Alexander McEwan

Personal information
- Date of birth: 15 May 1970 (age 54)
- Place of birth: Glasgow, Scotland
- Position(s): Midfielder

Youth career
- Rangers Amateurs

Senior career*
- Years: Team / Apps / (Gls)
- 1986–1989: Rangers / 0 / (0)
- 1989–1992: St Mirren / 4 / (1)
- 1992–1994: Greenock Morton / 20 / (8)
- 1993: → St. Catharines Roma (loan)
- 1994–1996: Albion Rovers / 19 / (3)

= Alexander McEwan (footballer) =

Scottish footballer

Alexander McEwan (born 15 May 1970) is a Scottish former footballer.

== Career ==
McEwan began playing at youth level with Rangers Amateurs B.C. and in 1986 he signed with Glasgow Rangers.

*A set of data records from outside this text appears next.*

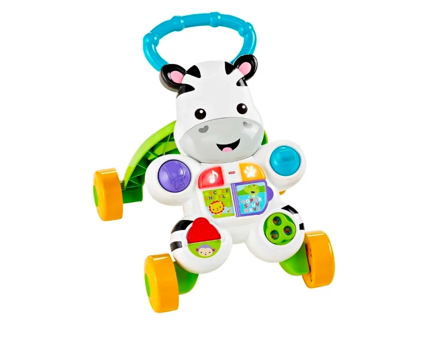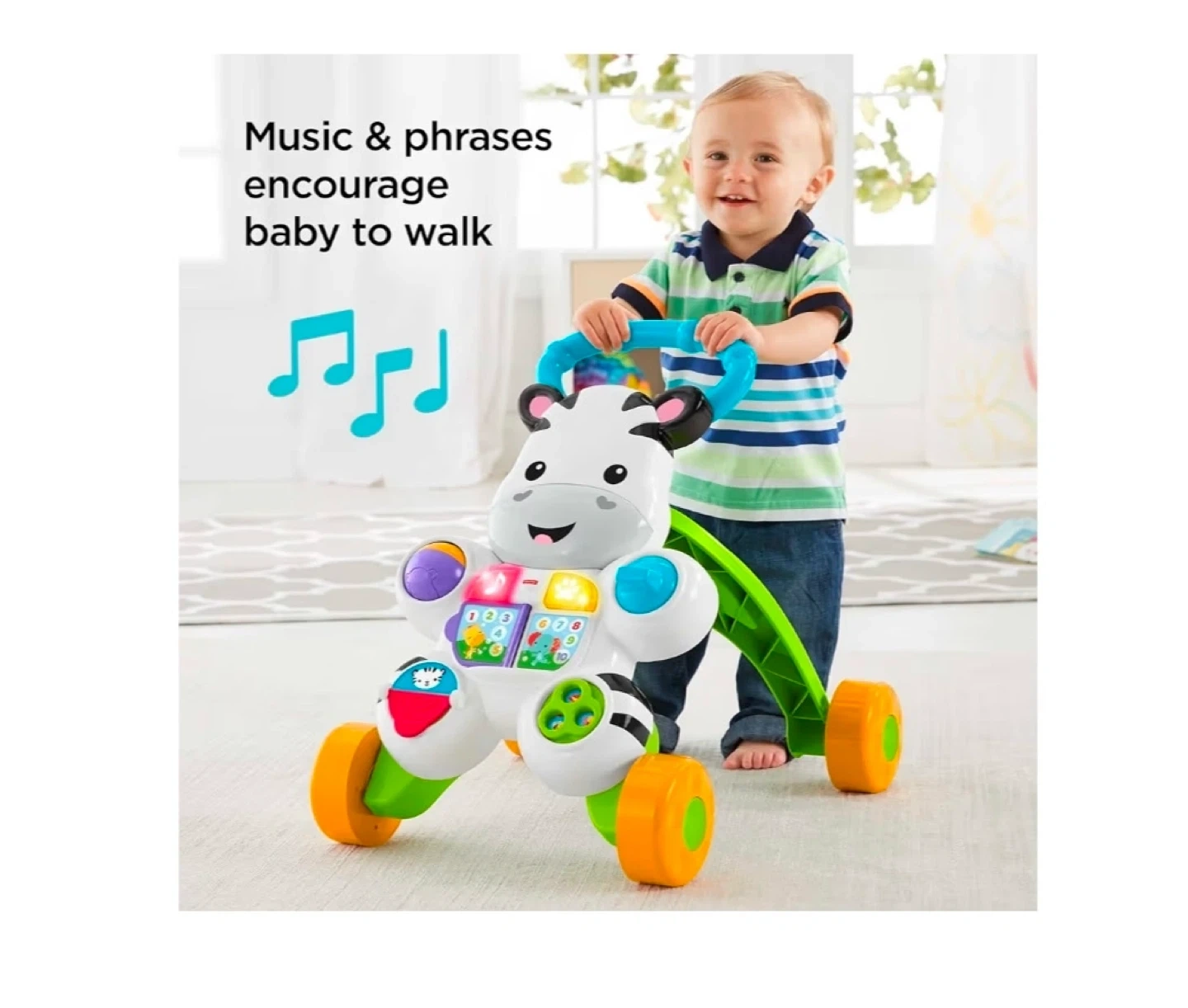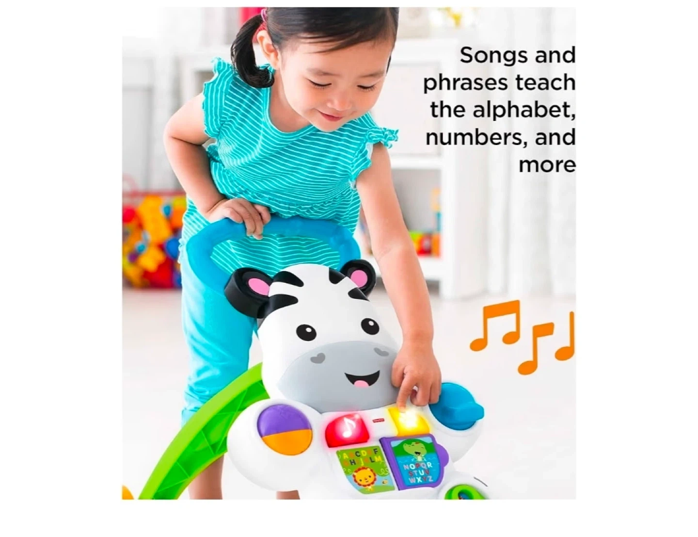 Fisher-Price zebra walker with music and lights. It's an activity toy and walker with songs and phrases that teach the alphabet and numbers. Recommended for ages 6 months and up!
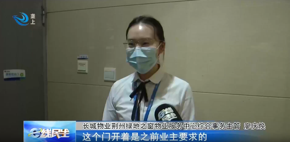 长城物业荆州绿地之窗物业服务中心综合事务主管廖庆焕:我们小区的门禁一直是好的,门禁按了之后能开。这个门开着是之前业主要求的,他们觉得防火门特别重,有的小孩就算刷了也推不开,从入住的时候要求我们打开,我们后来就一直打开。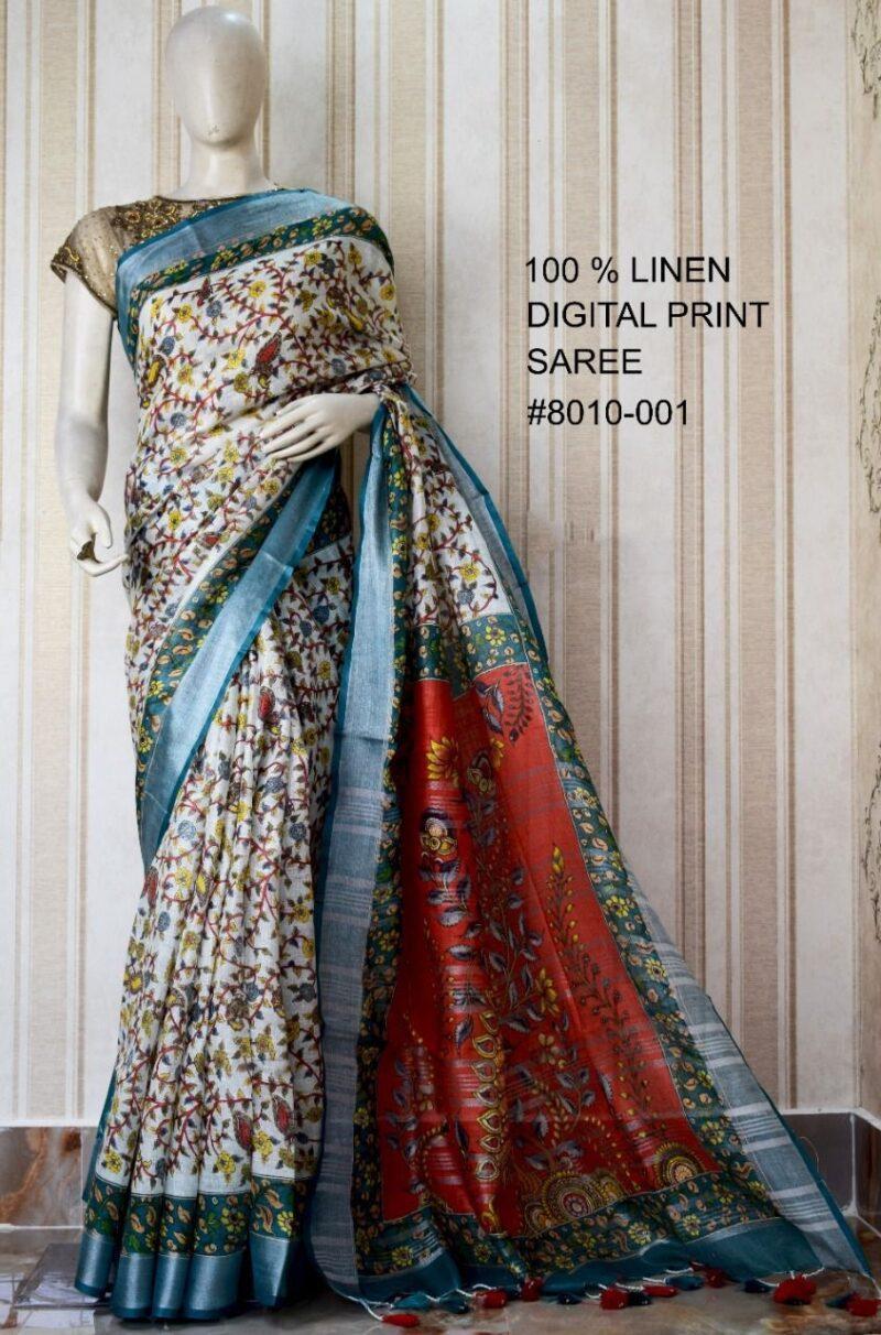 Crafted from 100% pure linen, these sarees offer unmatched comfort and a luxurious drape. The intricate digital prints add a contemporary flair, making them perfect for various occasions, from casual gatherings to formal events.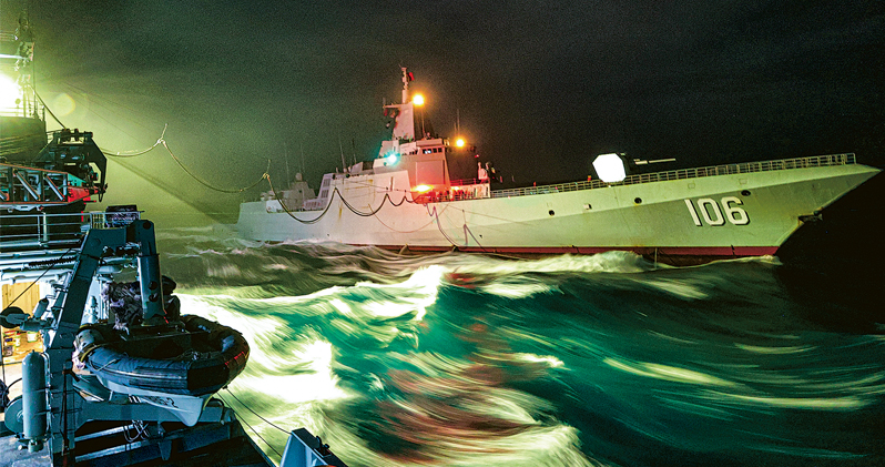 圖- 圖為055型萬噸級「延安」號導彈驅逐艦(舷號106)在南海舉行夜間海上補給訓練。美菲日在南海黃岩島聯合演練同時,解放軍南部戰區通報,中國海軍艦隊在南海展開一場跨晝夜綜合作戰支援訓練。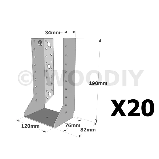 On admet une tolérance de 2 mm maximum entre l‘épaisseur du bois et la largeur du sabot. Exemple : un sabot plié à 76 mm peut porter une épaisseur de bois de 74 mm.
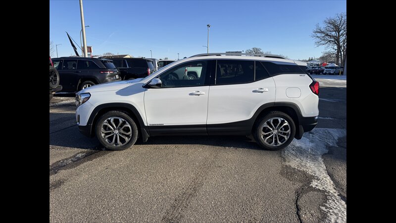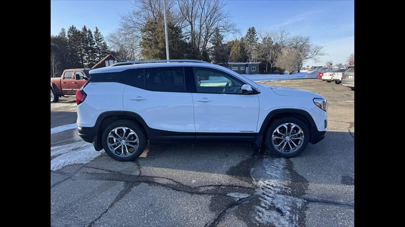 The SLT trim for the 2019 Terrain pairs the 2.0L turbocharged inline-4 (252 horsepower, 260 lb-ft of torque) with a GM 9-speed automatic transmission. Terrain SLT was offered from the factory with either front-wheel drive or an available all-wheel-drive system. The SLT configuration emphasizes a higher level of comfort, convenience and connectivity compared with lower trims while retaining Terrain’s compact-SUV footprint and utility.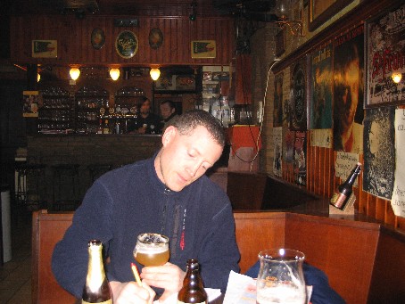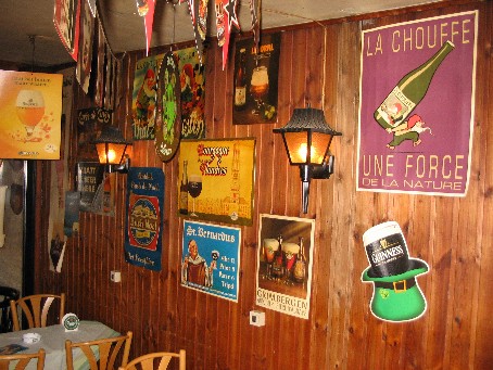 I retrieved Marty and we entered. It was a nice dark, cozy place with lots of posters on the walls and a brick bar with a wooden top. Behind the bar were stairs to a cellar where the beer is kept. Classical music played in the background. We had the place to ourselves for about a half hour before someone else came in and fouled the air with smoke. The place has been open since the mid 1980s. The beer menus are basically books because they list about 300 beers. The beers are arranged by genre: abbey, Trappist, fruit, seasonal, non-Belgian, and nonalcoholic. I did not recognize many of the brewery names, probably because they don’t exist anymore.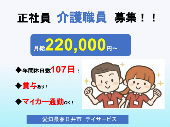 正社員(愛知県春日井市)介護職員 募集!【正社員:デイサービスでのお仕事です】 春日井市白山町 月給 220,000円 -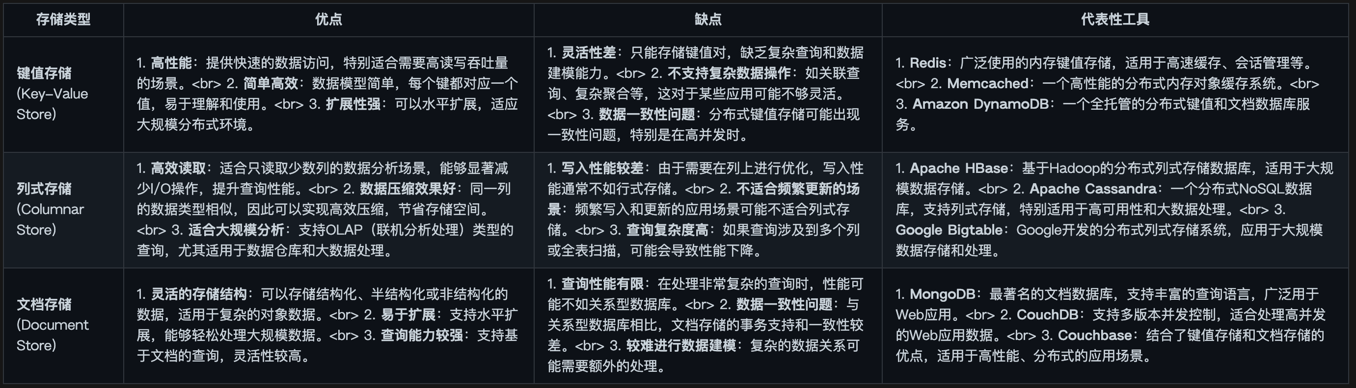 - 写入性能低:列优化导致写入速度通常低于行式存储。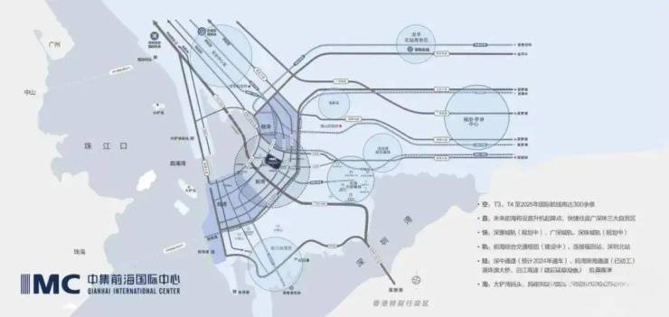 前海规划“9+2+1”海陆空立体交通构架,便捷深港往来、加速粤港澳大湾区互联互通,执掌全球商务效率,高效联结全球商务资源,无缝衔接全球财富版图。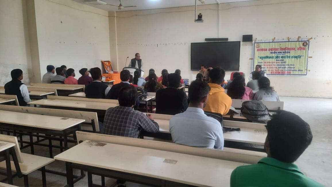 जननायक चंद्रशेखर विश्वविद्यालय में कुलपति प्रो. संजीत कुमार गुप्ता के संरक्षण में भाषा महोत्सव का आयोजन किया गया । भारतीय भाषा महोत्सव का आयोजन सुब्रह्मण्य भारती के जन्म पर मनाया जाता है। सुब्रह्मण्य भारती एक तमिल कवि थे। उनको ‘महाकवि भारतियार’ के नाम से भी जाना जाता है। उनकी कविताओं में राष्ट्रभक्ति कूट-कूट कर भरी हुई है। वह एक कवि होने के साथ-साथ भारतीय स्वतंत्रता संग्राम में शामिल सेनानी, समाज सुधारक, पत्रकार तथा उत्तर भारत व दक्षिण भारत के मध्य एकता-सेतु के समान थे। । इस संगोष्ठी का विषय ‘बहुभाषिकता और भारतीय संस्कृति’ था । कार्यक्रम में मुख्य वक्ता प्रो. यसवंत सिंह ने कहा कि भाषा ,भाषा के पार जाना सिखाती है । भाषा हमारी संस्कृति का धागा है जितनी बोलिया है उस माला के फूल है । भाषा के पार एक व्यक्तित्व होता है ।भाषा हमारी सांस्कृतिक पहचान होती है ।संस्कृति व्यक्ति को जोडती है ।कबीर जिस भाषा में बात करते थे वह सधुक्कड़ी है । उन्होंने यह भी कहा की कबीर की भाषा सांस्कृतिक भाषा है ।सभी सभ्यताएं मिलकर एक संस्कृति बनाती है । विशिष्ट वक्ता प्रो.अजय बिहारी पाठक ने कहा कि दमनकारी उपनिवेश के बाद भी हमारे देश में अनेक भाषाएँ है ।भारतीय समाज बना ही ऐसा है जिसमें स्वाभाविक रूप से बहुभाषिकता आ गयी है । अध्यक्षीय वक्तव्य में प्रो.फूलबदन सिंह ने कहा कि हम भौतिकता की चकाचौध में न रहे ।आज न संवेदना है ना ही संवाद है ।भौतिकता दोनों को नष्ट कर रही है ।अपनी भाषा और संस्कृति पर हमे गर्व करना चाहिए । कार्यक्रम का धन्यवाद ज्ञापन हिंदी विभाग के प्रभारी डॉ.संदीप यादव ने किया ।कार्यक्रम का संचालन हिंदी विभाग के सहायक आचार्य डॉ.अभिषेक मिश्र ने किया । इस अवसर पर शैक्षणिक निदेशक डॉ.पुष्पा मिश्रा,डॉ.प्रवीण नाथ यादव,डॉ.प्रमोद शंकर पाण्डेय,डॉ.शैलेन्द्र सिंह,डॉ.हर्ष त्रिपाठी,एवं विद्यार्थीगण उपस्थित रहे ।
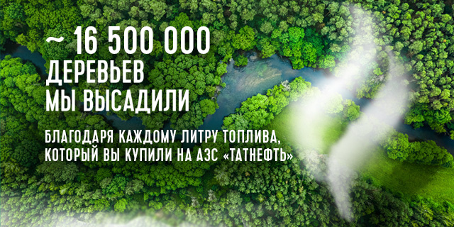 Благодаря акции «Лес от АЗС» ежегодно на территории Республики Татарстан высаживаются миллионы деревьев, которые благоприятно влияют на экологию региона. В общей сложности в 2013-2024 гг. рознично-сбытовые предприятия Компании «Татнефть» посадили около 16,5 млн саженцев на площади 10 000 га, вырос целый лес от сети АЗС «Татнефть»!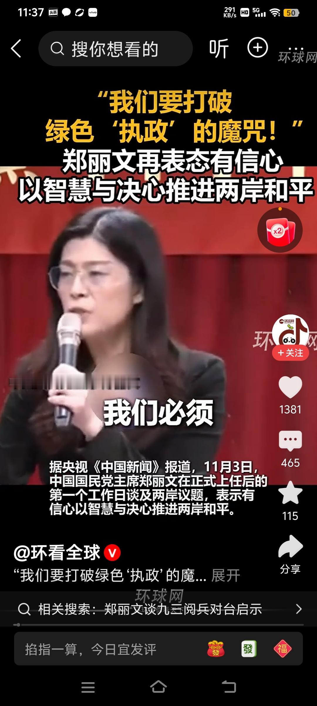 郑丽文再表态:有信心推进两岸和平,但就是不提祖国统一,充分说明她就是马英九的衣钵传人! 连战、马英九之流,口里含坚持九二共识和两岸和平,实际上就是把大陆当傻子,一边捞取大陆惠台好处,一边坚持以拖待变,反正就是不进行祖国统一的实际步骤。 连战、马英九、郑丽文之流这种暗独行为,从祖国统一的大业来说,比赖清德之流明独的危害更大,更具欺骗性,使祖国统一的时间更加漫长。 两岸分离都快一个世纪了,祖国统一的问题不能再拖了。国家不应该再理会台湾这党那党的吵吵闹闹了,而是要采取实际措施推进祖国统一大业。如果还按郑丽文之流的意愿拖下去,世界上其他国家怎么看我们?!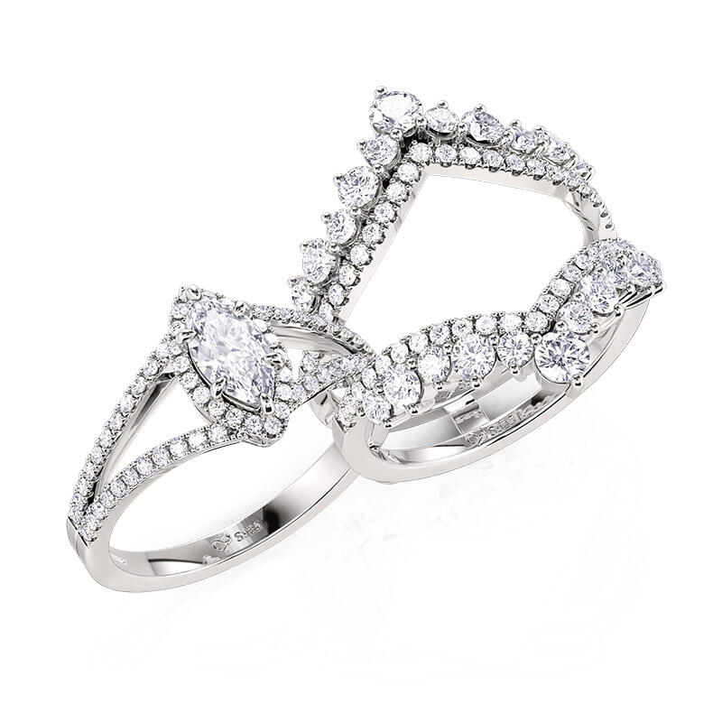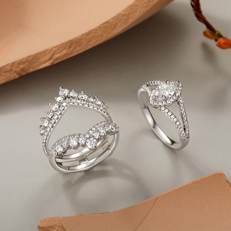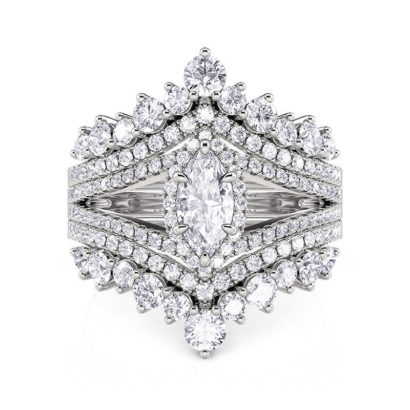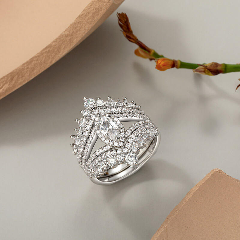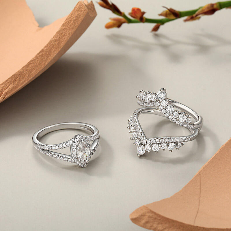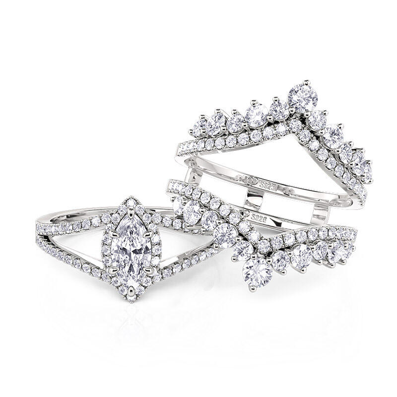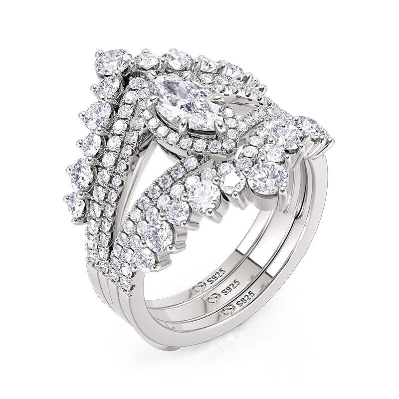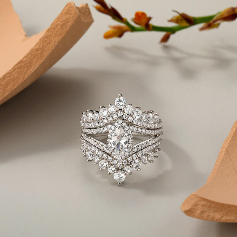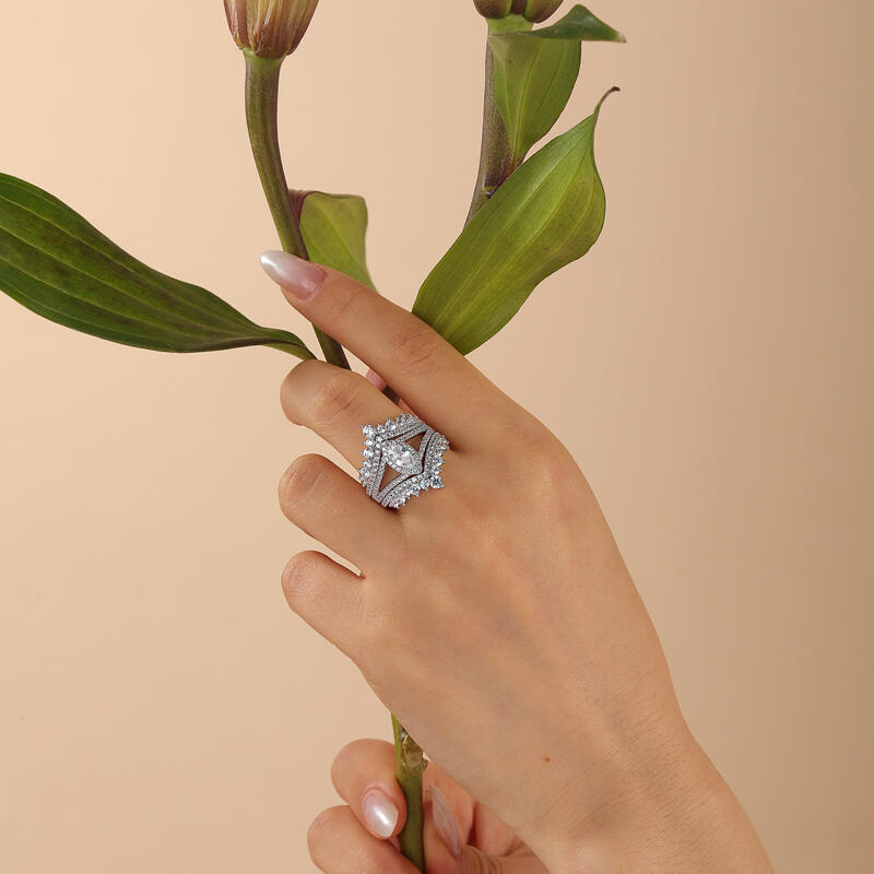 Love is a promise, and rings are a testament to eternity. This vintage sterling silver halo wedding ring set is a gorgeous and sparkling blend of Halo design and marquise cut stone. Each horse-eye stone seems to be inlaid with your love story, sparkling and moving. Let your love bloom brilliantly in this vintage eternal ring until forever.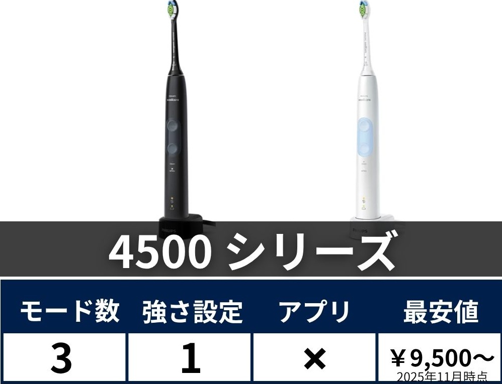 | 4500シリーズ | 3 | 1 | ✖ | 14日間 | 9,500円 前後 | クリーン・ホワイト・舌みがき |

In 1989, he played in the Scottish Premier Division with St Mirren F.C. In 1992, he played in the Scottish Football League First Division with Greenock Morton F.C. in the 1992–93 season. In 1993, he was loaned to play in the Canadian National Soccer League with St. Catharines Roma. He returned for the 1993–94 season where he featured in 18 matches and recorded six goals.

In 1994, he played in the Scottish Football League Third Division with Albion Rovers F.C.